Some of our providers (Stripe, Anthropic, Resend, Cloudflare) are based in the United States. Transfers outside the EEA are protected by Standard Contractual Clauses adopted by Commission Implementing Decision (EU) 2021/914 and, where applicable, by the recipient's participation in the EU–US Data Privacy Framework (Commission decision of 10 July 2023).

9. Cookies and analytics

We do not use analytics cookies and do not show a cookie consent banner, because our analytics tool (Umami) does not require them.

• Essential cookies — required for the service to function (e.g. your Stripe checkout session). Set only when you actively use that functionality.
• Cookieless analytics — Umami measures page views and referrers anonymously without setting cookies, without device fingerprinting, and without storing personal identifiers.
• No advertising trackers — we do not use Google Analytics, Facebook Pixel, or any third-party advertising or remarketing trackers.

10. Your rights

Under the GDPR you have the rights of:

• access (Art. 15),
• rectification (Art. 16),
• erasure (Art. 17),
• restriction of processing (Art. 18),
• data portability (Art. 20),
• objection to processing based on legitimate interests (Art. 21),
• withdrawal of consent at any time, where processing is based on consent (Art. 7(3); withdrawal does not affect lawfulness of prior processing).

To exercise the right of erasure you can delete your data directly. For all other rights, email [email protected] — we will respond within 30 days.

11. Right to lodge a complaint

You have the right to lodge a complaint with the Polish supervisory authority: President of the Personal Data Protection Office (UODO), ul. Stawki 2, 00-193 Warszawa, Polska (uodo.gov.pl), or with the supervisory authority in your country of residence within the EEA.

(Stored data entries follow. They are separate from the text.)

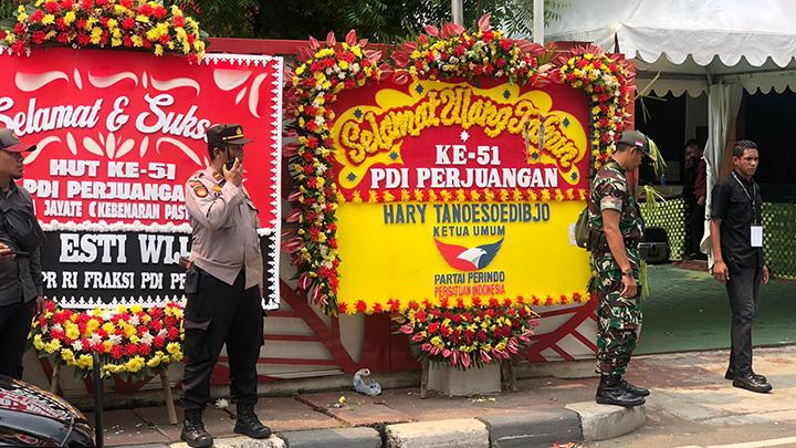 Sebagaimana terlihat, sejumlah karangan bunga ucapan Hari Ulang Tahun ke-51 PDIP berjejer di depan Gedung Sekolah Partai di pinggir Jalan Raya Lenteng Agung Raya, Jakarta Selatan, Rabu (10/1/2024).
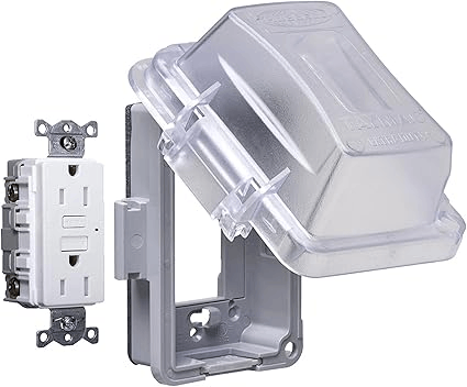TayMac MG420CS Nonmetallic Extra Duty Complete in-Use Cover 15 Amp WRTR Self Test GFCI Kit, 1-Gang, Clear/Gray
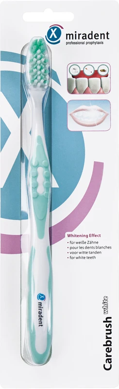 - Bürstenkopf mit speziellen Gummilamellen reinigt gründlich und bewirkt gleichzeitig eine natürliche Zahnaufhellung
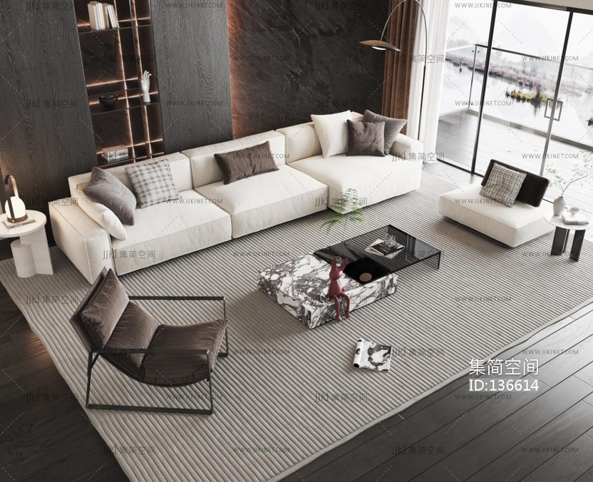 现代沙发茶几组合3D模型 3d模型下载 [模型ID:136614]

12. Automated decision-making

Your pitch deck content is analyzed by an AI model (Anthropic Claude). The output is advisory and informational — it does not constitute a decision that produces legal effects concerning you or similarly significantly affects you within the meaning of Art. 22(1) GDPR. Each report is a document for further evaluation by you; the controller does not make automated decisions about you on its basis.

13. Children's privacy

Our service is not directed at individuals under 18. We do not knowingly collect personal data from minors. If we become aware of such data, we will delete it promptly.

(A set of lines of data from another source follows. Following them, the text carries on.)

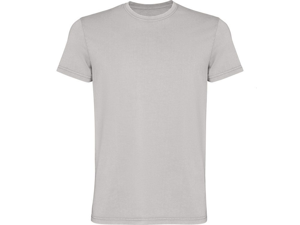 Мужская футболка с коротким рукавом из 100% хлопка с аксидной стиркой. Круглый вырез горловины из риба 1х1. Отстрочка в тон по горловине.
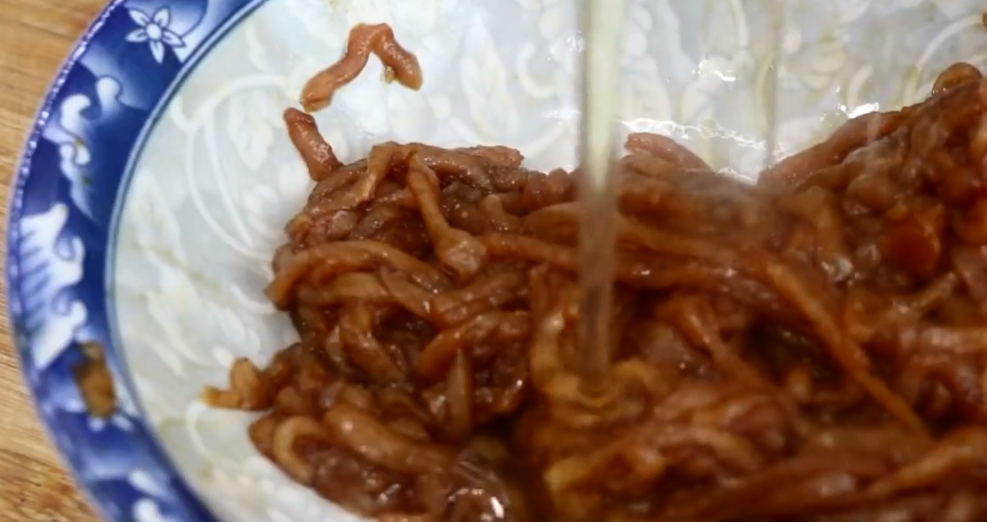 第二步:把肉丝腌制一下:加少许胡椒粉,少许老抽,适量的料酒,少许的清水,用手把它抓匀,
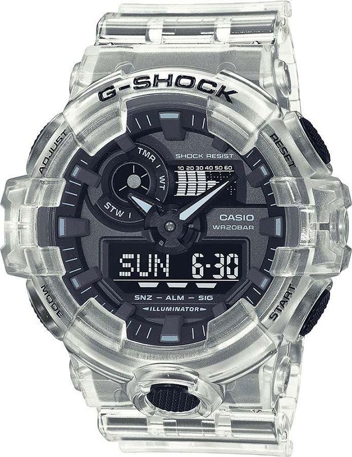 Многофункциональный кварцевый механизм, модуль 5522 с двойной цифро-аналоговой индикацией при помощи многофункциональных стрелок и на жидкокристаллическом дисплее. Точность хода с погрешностью не более +/-15 секунд в месяц. Элемент питания CR2016 рассчитан на 5 лет работы. Функции: • Яркая светодиодная LED-подсветка срабатывает при нажатии на кнопку. Изменяемое время свечения – 1,5 или 3 секунды. • Отображение мирового времени в 31 часовых поясах с отображением 48 основных городов в них + GMT. • Секундомер с точностью показаний 1/100 сек и максимальным временем измерения 24 часа. Режимы измерения – SPLIT и ADD. • Таймер обратного отсчета на 60 минут с точностью в 1 секунду. • 5 ежедневных будильников, устанавливаемых на определенное время, один с функцией Snooze, ежечасный сигнал. • Вкл./Откл. звука кнопок. • Подстройка положения стрелок при нажатии кнопок, таким образом, чтобы не закрывать дисплей и вспомогательные индикаторы. • Автоматический календарь, не требующий дополнительной корректировки, может быть настроен по 2099 год. • Отображение времени в 12/24 часовом формате. Особая ударопрочная конструкция корпуса защищает механизм-модуль часов от ударов и вибрации. • Комбинированный корпус выполнен из нерж. стали 316L и композитного полимерного материала. • Размеры корпуса 53,4 мм (по оси заводной головки) х 57,5 мм (по вертикали) х 18,4 мм (толщина). Вес приблизительно 69 грамм. • Минеральное стекло устойчивое к возникновению царапин. • Трехмерный циферблат, большие часовые метки с объемной 3Dструктурой. • Люминесцентный состав на стрелках и часовых метках с ярким послесвечением даже после кратковременного воздействия света. • Стальная задняя крышка из нерж. стали с гравировкой соединена с корпусом 4 винтами. • Водостойкость 200 метров. • Ремешок из полимерного материала, стандартная застежка с двойным шипом. Размер Мужские Тип механизма Кварцевые + Электронные Корпуc Пластик Стекло Минеральное Браслет/Ремешок Резиновый Водозащищенность 200 метров

14. Changes to this policy

We may update this Privacy Policy from time to time. Changes will be posted on this page with an updated "Last updated" date. If the changes materially affect your rights, we will notify you by email at the address provided with your order.

15. Contact

Questions about this Privacy Policy can be sent to [email protected], by phone at +48 573 895 100 or in writing to the address of business: ul. Racławicka 100/19, 53-146 Wrocław, Poland.